We applaud the President for seeking sound scientific advice to guide his policies. The recent report by scholars of the National Academy of Sciences, drafted at Mr. Bush's request, is an excellent first step.
These distinguished scientists affirmed the reliability of international research that shows global warming to be a reality and indicated that human activity is a clear factor in this accelerating climate shift. Mr. Bush has said he will take his experts' advice seriously.
But the Bush administration's initiatives over the past months, particularly in the realm of energy policy, will likely make global warming worse. President Bush and Vice President Cheney proposed to increase the production of fossil fuels and to construct dozens of new power plants, a move that would enlarge our greenhouse gas emissions.
In response to the administration's initial claim that conservation was merely a "personal virtue," widespread public reaction led them belatedly to add conservation measures to their plan.
As a foundation for public policy, conservation should be a centerpiece, not an afterthought; a solemn vow, not a concession.
Many economists and scientists have shown the values of conservation to both the economy and the environment. Compelling as their arguments are, we would remind Mr. Bush that there are moral and spiritual imperatives that also pull us in that direction. Preventing harmful climate change is a preeminent expression of faithfulness to the Creator who has so blessed us.

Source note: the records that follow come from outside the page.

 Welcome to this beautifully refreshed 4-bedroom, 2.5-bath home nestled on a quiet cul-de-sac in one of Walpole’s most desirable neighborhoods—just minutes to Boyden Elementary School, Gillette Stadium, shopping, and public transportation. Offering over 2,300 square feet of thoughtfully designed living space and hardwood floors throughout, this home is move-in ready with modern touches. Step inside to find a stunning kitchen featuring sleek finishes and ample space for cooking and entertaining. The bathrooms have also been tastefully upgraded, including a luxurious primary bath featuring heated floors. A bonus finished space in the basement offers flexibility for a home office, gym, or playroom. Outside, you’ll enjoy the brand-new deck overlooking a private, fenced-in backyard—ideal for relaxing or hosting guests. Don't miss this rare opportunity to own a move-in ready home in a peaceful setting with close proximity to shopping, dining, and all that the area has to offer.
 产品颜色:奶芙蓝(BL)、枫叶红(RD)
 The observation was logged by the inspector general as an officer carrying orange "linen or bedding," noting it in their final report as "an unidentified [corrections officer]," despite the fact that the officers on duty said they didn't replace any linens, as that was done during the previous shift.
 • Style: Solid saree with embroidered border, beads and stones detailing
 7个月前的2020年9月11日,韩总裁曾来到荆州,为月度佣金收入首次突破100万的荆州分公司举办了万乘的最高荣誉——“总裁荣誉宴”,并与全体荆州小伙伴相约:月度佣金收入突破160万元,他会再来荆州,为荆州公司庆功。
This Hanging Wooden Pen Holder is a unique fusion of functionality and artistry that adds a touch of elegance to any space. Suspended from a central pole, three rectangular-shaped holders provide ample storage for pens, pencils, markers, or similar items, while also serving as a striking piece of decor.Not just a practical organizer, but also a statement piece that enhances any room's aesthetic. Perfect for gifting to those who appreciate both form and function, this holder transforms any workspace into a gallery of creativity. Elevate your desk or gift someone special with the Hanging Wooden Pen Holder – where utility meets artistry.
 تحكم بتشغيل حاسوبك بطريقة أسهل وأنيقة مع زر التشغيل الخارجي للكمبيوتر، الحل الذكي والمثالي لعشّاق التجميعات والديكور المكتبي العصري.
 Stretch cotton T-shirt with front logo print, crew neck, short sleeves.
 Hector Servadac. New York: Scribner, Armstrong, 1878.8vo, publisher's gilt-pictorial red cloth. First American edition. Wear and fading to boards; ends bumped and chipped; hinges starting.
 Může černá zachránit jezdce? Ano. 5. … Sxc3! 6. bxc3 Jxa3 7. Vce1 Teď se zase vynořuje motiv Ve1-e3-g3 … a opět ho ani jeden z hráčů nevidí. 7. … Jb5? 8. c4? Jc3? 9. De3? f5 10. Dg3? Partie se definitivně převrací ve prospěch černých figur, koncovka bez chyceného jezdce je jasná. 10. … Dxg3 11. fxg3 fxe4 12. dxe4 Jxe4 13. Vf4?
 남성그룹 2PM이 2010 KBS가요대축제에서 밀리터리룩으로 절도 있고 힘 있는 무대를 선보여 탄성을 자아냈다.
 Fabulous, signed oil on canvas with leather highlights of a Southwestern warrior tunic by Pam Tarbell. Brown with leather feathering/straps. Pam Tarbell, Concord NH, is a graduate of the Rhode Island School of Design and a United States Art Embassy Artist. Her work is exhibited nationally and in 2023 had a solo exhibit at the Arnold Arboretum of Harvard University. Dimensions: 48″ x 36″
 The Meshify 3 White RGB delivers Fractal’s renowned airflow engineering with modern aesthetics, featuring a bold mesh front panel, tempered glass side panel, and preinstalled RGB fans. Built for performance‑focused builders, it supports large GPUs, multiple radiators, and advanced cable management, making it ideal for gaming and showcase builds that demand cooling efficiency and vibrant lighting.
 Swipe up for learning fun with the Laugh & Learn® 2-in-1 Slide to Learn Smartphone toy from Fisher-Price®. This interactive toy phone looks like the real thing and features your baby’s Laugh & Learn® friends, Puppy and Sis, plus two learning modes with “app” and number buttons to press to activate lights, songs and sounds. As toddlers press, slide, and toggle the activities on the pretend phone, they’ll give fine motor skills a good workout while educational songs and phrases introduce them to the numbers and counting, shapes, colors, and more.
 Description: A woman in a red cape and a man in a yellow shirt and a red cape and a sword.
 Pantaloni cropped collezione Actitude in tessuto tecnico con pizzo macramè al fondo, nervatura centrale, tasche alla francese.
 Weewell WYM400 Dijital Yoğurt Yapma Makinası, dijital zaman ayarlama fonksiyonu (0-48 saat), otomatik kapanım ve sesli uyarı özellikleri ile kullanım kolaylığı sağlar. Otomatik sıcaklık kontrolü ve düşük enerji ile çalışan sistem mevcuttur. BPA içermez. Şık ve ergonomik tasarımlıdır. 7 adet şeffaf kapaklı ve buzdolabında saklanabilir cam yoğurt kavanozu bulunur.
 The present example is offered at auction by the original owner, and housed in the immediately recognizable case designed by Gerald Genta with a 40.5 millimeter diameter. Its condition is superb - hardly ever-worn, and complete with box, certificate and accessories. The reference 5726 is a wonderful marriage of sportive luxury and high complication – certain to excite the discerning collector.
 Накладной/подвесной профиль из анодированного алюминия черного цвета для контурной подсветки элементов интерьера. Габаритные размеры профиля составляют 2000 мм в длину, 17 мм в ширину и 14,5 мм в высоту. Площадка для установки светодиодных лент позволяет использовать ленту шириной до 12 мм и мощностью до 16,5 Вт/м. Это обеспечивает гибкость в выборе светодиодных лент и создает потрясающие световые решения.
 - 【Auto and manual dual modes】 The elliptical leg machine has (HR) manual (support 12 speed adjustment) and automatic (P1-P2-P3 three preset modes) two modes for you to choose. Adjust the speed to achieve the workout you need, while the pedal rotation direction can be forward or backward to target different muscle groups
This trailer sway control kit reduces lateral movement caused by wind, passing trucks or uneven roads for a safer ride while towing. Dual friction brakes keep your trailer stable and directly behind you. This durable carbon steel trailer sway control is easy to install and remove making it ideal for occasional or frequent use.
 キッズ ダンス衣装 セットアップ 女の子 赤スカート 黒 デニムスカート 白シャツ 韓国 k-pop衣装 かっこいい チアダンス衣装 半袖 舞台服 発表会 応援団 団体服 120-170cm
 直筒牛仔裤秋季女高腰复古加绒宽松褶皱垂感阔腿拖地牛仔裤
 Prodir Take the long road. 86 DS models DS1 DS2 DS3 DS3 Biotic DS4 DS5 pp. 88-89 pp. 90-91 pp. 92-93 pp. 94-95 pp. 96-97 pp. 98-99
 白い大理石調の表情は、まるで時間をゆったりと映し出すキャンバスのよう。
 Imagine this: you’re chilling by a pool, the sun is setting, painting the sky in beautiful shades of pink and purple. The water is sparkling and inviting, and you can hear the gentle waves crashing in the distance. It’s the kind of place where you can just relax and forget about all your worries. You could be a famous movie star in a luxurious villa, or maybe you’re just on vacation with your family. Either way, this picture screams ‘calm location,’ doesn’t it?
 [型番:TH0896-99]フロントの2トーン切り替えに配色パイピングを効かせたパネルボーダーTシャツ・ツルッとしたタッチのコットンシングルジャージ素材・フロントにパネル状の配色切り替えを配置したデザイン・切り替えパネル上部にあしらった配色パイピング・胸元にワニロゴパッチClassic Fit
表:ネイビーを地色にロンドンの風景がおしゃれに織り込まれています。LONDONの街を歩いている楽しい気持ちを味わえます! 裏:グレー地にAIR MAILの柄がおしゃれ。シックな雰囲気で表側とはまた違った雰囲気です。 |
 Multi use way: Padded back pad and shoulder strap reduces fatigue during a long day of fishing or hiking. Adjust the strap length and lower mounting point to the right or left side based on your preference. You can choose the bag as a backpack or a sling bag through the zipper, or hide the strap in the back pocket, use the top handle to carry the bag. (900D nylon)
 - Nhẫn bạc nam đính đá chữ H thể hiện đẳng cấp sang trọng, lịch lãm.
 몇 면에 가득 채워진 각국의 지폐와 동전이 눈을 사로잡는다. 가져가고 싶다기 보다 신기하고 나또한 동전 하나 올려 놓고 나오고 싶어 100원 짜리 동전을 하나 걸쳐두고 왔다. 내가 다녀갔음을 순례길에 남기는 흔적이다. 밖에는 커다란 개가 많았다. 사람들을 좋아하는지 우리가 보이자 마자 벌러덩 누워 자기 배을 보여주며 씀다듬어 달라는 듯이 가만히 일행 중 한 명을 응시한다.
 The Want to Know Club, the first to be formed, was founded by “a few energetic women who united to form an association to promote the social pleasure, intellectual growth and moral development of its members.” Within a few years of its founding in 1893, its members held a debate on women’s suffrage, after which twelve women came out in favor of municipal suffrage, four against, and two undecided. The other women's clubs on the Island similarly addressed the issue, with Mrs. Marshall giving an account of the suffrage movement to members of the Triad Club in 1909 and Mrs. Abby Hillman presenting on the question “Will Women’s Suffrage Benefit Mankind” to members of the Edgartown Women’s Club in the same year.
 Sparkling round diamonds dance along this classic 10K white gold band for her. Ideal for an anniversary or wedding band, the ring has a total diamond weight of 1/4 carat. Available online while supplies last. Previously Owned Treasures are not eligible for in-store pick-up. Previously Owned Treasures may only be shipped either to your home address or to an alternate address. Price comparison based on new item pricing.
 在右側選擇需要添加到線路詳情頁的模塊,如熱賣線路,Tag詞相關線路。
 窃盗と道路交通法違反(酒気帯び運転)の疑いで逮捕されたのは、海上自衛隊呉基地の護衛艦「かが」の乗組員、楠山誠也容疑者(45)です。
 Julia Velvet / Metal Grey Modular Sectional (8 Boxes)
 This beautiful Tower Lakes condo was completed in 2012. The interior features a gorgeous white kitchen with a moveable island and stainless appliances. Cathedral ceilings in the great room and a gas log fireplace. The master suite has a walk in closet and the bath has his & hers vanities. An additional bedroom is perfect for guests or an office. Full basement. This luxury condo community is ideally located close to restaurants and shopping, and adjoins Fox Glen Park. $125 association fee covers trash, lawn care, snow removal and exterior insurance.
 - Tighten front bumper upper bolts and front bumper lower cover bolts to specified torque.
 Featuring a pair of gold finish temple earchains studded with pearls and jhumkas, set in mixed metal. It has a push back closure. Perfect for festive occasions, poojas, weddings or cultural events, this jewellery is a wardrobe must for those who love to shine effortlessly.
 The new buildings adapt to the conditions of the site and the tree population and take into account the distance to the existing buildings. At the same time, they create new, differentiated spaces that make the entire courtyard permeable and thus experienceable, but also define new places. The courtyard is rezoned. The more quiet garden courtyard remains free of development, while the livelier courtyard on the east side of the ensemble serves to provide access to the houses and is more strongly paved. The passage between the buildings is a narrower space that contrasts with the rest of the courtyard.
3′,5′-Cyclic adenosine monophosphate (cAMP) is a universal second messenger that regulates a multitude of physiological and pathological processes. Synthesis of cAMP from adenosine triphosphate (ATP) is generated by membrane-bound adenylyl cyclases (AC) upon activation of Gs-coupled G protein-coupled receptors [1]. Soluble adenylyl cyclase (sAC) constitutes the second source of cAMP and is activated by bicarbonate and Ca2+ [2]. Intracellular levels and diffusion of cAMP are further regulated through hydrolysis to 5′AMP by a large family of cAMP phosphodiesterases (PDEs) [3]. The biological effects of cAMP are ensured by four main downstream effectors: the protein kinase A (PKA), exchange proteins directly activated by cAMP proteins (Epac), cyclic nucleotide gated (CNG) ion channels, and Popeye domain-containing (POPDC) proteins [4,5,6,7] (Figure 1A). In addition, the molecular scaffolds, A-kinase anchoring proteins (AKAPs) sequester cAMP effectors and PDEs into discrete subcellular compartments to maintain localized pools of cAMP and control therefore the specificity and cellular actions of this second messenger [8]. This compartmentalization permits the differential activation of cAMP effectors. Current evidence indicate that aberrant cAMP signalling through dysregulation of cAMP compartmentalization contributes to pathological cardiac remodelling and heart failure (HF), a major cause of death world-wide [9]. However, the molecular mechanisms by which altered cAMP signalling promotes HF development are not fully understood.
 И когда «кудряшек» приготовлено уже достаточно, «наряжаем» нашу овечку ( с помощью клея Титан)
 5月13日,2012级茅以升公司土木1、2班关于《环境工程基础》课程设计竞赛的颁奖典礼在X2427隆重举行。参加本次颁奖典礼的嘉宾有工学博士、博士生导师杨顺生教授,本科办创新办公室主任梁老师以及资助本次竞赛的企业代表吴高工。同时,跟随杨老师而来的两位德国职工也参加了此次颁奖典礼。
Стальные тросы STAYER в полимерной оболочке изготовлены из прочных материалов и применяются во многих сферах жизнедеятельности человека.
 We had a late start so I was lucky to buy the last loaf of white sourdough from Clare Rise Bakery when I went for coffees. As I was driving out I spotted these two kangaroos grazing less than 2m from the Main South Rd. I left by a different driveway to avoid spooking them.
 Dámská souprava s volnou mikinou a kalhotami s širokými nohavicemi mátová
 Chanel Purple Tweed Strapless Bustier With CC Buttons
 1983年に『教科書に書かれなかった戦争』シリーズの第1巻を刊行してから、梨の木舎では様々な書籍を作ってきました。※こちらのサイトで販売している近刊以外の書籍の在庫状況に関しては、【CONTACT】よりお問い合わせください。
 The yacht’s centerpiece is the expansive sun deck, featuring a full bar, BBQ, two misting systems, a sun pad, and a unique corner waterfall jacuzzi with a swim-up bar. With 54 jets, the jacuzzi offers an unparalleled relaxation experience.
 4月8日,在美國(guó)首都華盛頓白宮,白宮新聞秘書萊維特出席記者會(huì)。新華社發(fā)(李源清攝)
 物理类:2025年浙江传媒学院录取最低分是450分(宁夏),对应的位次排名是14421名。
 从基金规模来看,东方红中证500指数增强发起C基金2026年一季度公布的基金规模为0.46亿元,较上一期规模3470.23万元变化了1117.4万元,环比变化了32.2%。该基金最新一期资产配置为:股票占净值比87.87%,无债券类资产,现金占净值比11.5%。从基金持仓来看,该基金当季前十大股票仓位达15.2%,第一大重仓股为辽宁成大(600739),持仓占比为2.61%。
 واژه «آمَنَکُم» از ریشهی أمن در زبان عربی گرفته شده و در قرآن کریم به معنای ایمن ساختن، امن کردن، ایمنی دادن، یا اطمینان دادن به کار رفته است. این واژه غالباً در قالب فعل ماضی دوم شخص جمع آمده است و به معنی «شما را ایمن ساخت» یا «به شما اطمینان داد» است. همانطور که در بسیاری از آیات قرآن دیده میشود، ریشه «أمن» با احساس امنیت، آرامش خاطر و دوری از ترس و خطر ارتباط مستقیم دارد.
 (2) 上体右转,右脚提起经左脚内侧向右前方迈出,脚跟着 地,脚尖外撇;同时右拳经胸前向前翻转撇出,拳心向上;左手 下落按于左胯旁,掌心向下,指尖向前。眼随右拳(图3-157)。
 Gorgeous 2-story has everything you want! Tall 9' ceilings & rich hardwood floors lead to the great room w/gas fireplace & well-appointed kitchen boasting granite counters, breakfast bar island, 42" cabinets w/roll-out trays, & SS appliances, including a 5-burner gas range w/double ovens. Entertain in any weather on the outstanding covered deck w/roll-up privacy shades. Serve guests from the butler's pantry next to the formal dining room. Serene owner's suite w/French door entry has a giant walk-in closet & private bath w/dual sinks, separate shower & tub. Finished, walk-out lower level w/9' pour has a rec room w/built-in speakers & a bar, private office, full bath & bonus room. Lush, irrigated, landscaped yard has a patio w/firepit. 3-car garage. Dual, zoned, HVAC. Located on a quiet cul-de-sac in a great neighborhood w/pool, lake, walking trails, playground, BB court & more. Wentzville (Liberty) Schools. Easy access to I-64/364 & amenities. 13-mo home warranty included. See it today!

- Conservation is grounded biblically in the Judeo-Christian concept of stewardship. We have a moral obligation to choose the safest, cleanest and most sustainable sources of energy to preserve God's gift of creation.
- Conservation is a responsibility to future generations. By depleting energy sources, causing global warming, fouling the air, poisoning the land, and increasing reliance on fossil fuels and nuclear power, we jeopardize the health and well-being of ourselves and our descendents.
- Conservation is an issue of justice. Energy policy must benefit not only the healthy and wealthy, but also "the least among us," the poor, the ill and the vulnerable - those whom God has called us to protect.
- Conservation is an act of prudence. In order to assure economic security it is not necessary to risk environmental health or future sustainability. Investment in renewable energy and fuel efficiency thus becomes a moral imperative and a way to secure and enhance, not diminish, the future.
- Conservation is a commitment to all of God's creation. With less than 5% of the world's population, our nation generates more than 22% of greenhouse gases. As the world's primary energy consumer and pollution producer, the U.S. has a moral responsibility to lead a transition to a new, sustainable global energy system. We must be a party to binding international agreements that set achievable energy conservation targets and timetables.
The religious community found the scientific evidence clear and compelling enough to mandate their engagement with this issue as early as 1988. Their concern has continued to grow. Last month, more than 350 local religious leaders from across the nation met in Washington under National Council of Churches sponsorship to address the issue and to meet with more than 200 members of Congress.
At the same time, 41 national Jewish and Christian leaders signed "Let There Be Light", an open letter to the President, the Congress and the American people on energy conservation and God's creation.
Political leaders addressed global warming as far back as 1992, when President Bush's father signed the international Framework Convention on Climate Change, ratified by the Senate in 1993. This laid the foundation for the Kyoto Protocol, a timetable for action by the developed nations, which produce 85% of the world's harmful greenhouse emissions.
Many corporations, including Dupont, IBM, Enron and Maytag, have begun programs of conservation and energy efficiency as sound economic policy.
Thus it is clear that Presidential leadership on the challenge of climate change would be met with widespread, informed support and expert collaboration.
We invite President Bush to join the expanding ranks of Americans of faith who seek a moral and spiritual pathway through the intertwined issues of energy policy and global warming. Our choices in this matter may be judged by history as one of the fundamental legacies of Mr. Bush's time as our nation's leader. We call on him to set a standard of stewardship as he redirects our national energy policy toward conservation, efficiency, justice and prudence.